UNHCR already had a presence in the southern Caucasus region, where some 1.5 million people have been forced to flee fighting in Georgia, Armenia and Azerbaijan. As plans move ahead to forge a consensus on a regional approach to all of these problems, UNHCR is carrying out its new three-month programme in the North Caucasus in coordination with Emercom, the Russian emergency agency, and the Federal Migration Service (FMS), which is registering the displaced. It is also coordinating with the International Committee of the Red Cross, which works inside Chechnya, and with the International Organization for Migration.

Despite initial problems with access, freedom of movement and coordination with central authorities, the UNHCR programme is beginning to make a difference. By early February, UNHCR had flown more than 130 metric tons of supplies to the region, and more was on the way.
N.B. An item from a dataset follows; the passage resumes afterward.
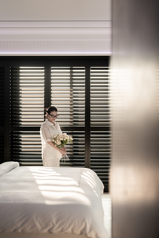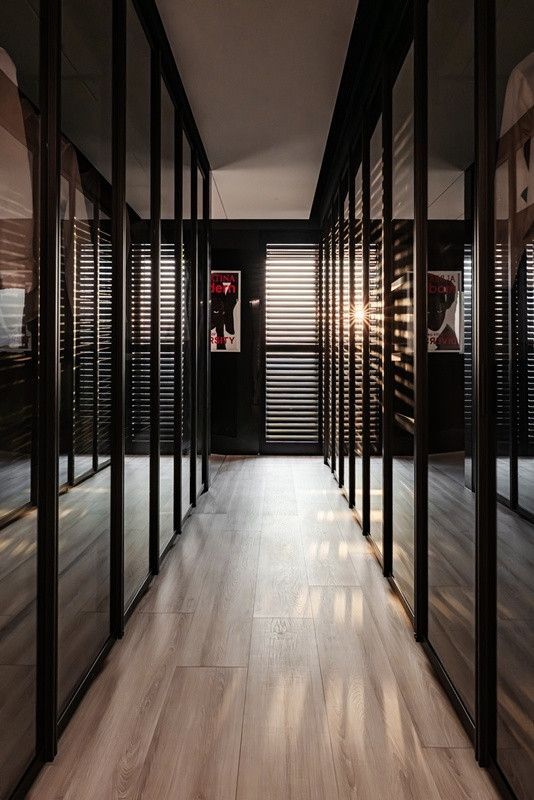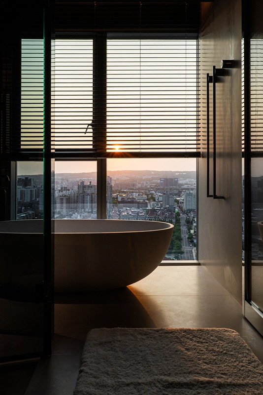 更衣室以对称的一字型动线张开,如极品摆设般铺陈浅近典礼。玄色框构与通透玻璃在简洁带领下展现档次变化,让收纳移动为视觉秩序的一部分。简洁由尽端窗面引入,百叶窗散落的光影投射于木地板上酿成节律分明的线性构图,使行走其中成为疲塌的浅近片断。浴室延续静谧语汇,面向城市天空线张开,雾面灰阶材质与蛋型浴缸构筑沉着而内敛的场景,横向百叶窗调度夕阳光影,使沐浴成为一段与城市对话的静谧技巧。策动聚焦于时候的延续性,让空间随时候推移而陆续被感受。当容貌退后,材质与比例便闲散地贯串热沈,成为一处让东说念主回到自我感受的生存场域;静谧之中,力量不张扬却经久存在。

Hashim Utkan, deputy director of UNHCR's Regional Bureau for Europe, said the plan is to bolster the existing Russian humanitarian system rather than create a new, parallel programme. Utkan noted that UNHCR has previously worked with Emercom in former Yugoslavia and in Africa, and is aware of its professionalism. However, its resources are being stretched in the Caucasus.

"We don't want to duplicate what they're already doing, but to strengthen the existing structures," Utkan said. "That way, it will be much easier for us to withdraw when the time is right."
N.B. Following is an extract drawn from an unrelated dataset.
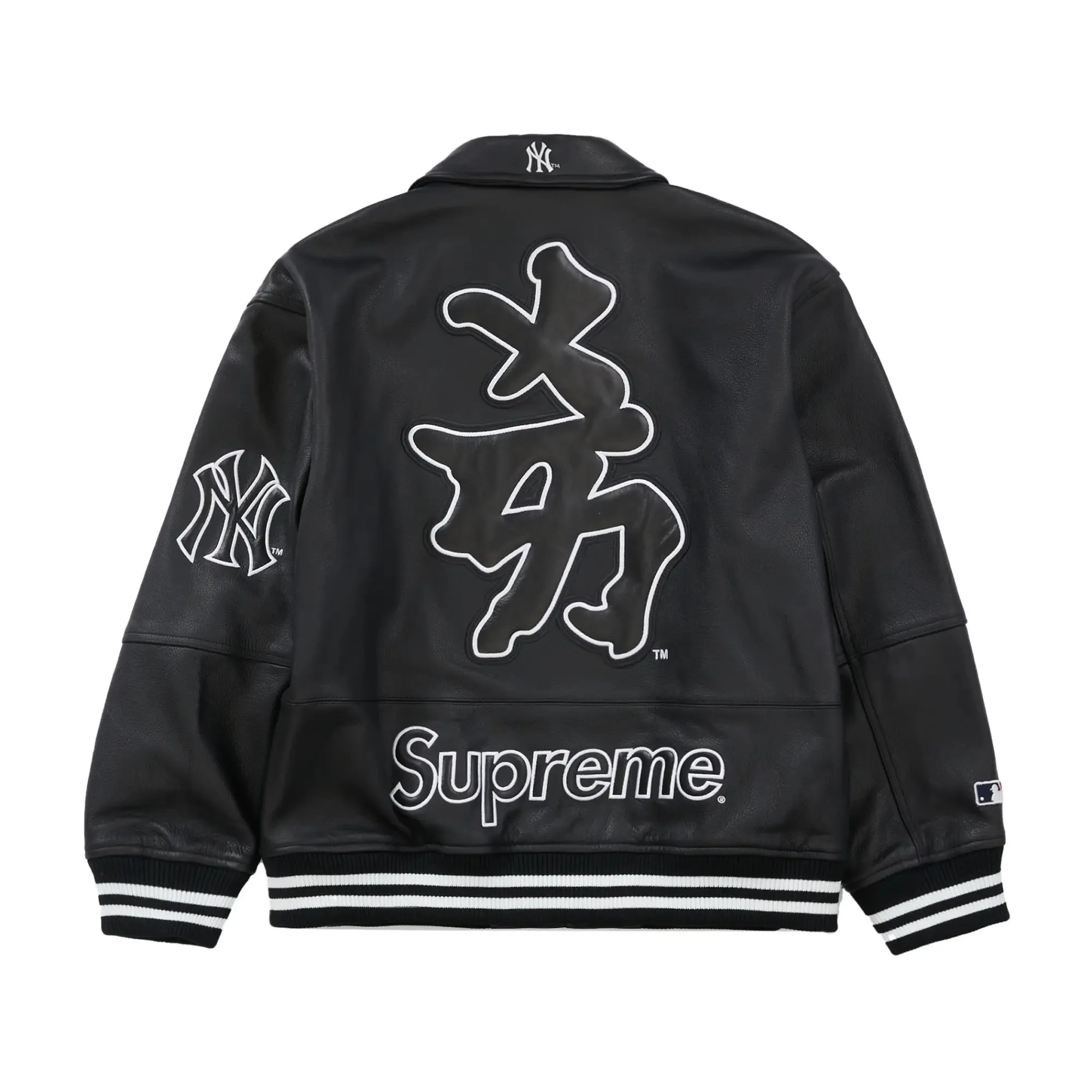 Supreme New York Yankees Kanji Black Leather Jacket

To assist the Russian aid effort, UNHCR will provide more trucks for Emercom, and computer, communications and office equipment for FMS.

The U.N. programme is aimed at providing assistance to at least 90,000 displaced people in Chechnya, 65,000 in Daghestan and 5,000 in North Ossetia.

The assessment team noted that as many as 95 percent of the displaced have found at least temporary shelter with host families. But it is unlikely this hospitality can go on for long; some houses are crammed with as many as 50 people and host families are going to quickly run out of food and other essentials. Other displaced people are being temporarily housed in rail carriages, sports halls and other public buildings.

The percentage of women, children and elderly among the displaced is even higher than the 75 percent usually found in refugee populations. This has resulted in a particularly vulnerable population whose plight is made even worse by harsh winter weather. Moreover, many of the displaced fled with nothing but the clothes on their backs, and reported losing their homes and everything in them. The sense of loss and separation has left tens of thousands of people materially and psychologically destitute.

Food needs are particularly acute in Daghestan and Ingushetia, where each displaced family - averaging about four people - will receive three 20-kg food parcels over the three-month period. In Daghestan, regular supplies of food and other essentials began dwindling in December because the fighting in Chechnya severed the main rail and road links into the republic from the rest of Russia. And in Ingushetia, residents were already struggling to care for an earlier displaced population of nearly 50,000 people who fled there during the Ingush-Ossetian conflict of 1992. Thus, nearly half of the present population of Ingushetia are displaced people from North Ossetia or Chechnya.

Hollingworth, describing a recent visit to displaced people in Khasavyurt, Daghestan, says the needs are enormous. But despite all the horrors they left behind in Chechnya, nearly all of the displaced - Russians and ethnic Chechens - want to go home again.

"In most homes there was an average of 26 persons per room," Hollingworth said. "More than 60 percent of the displaced were children. The displaced all requested clothing and food. They told their stories with emotion and tears, but they all wished to return."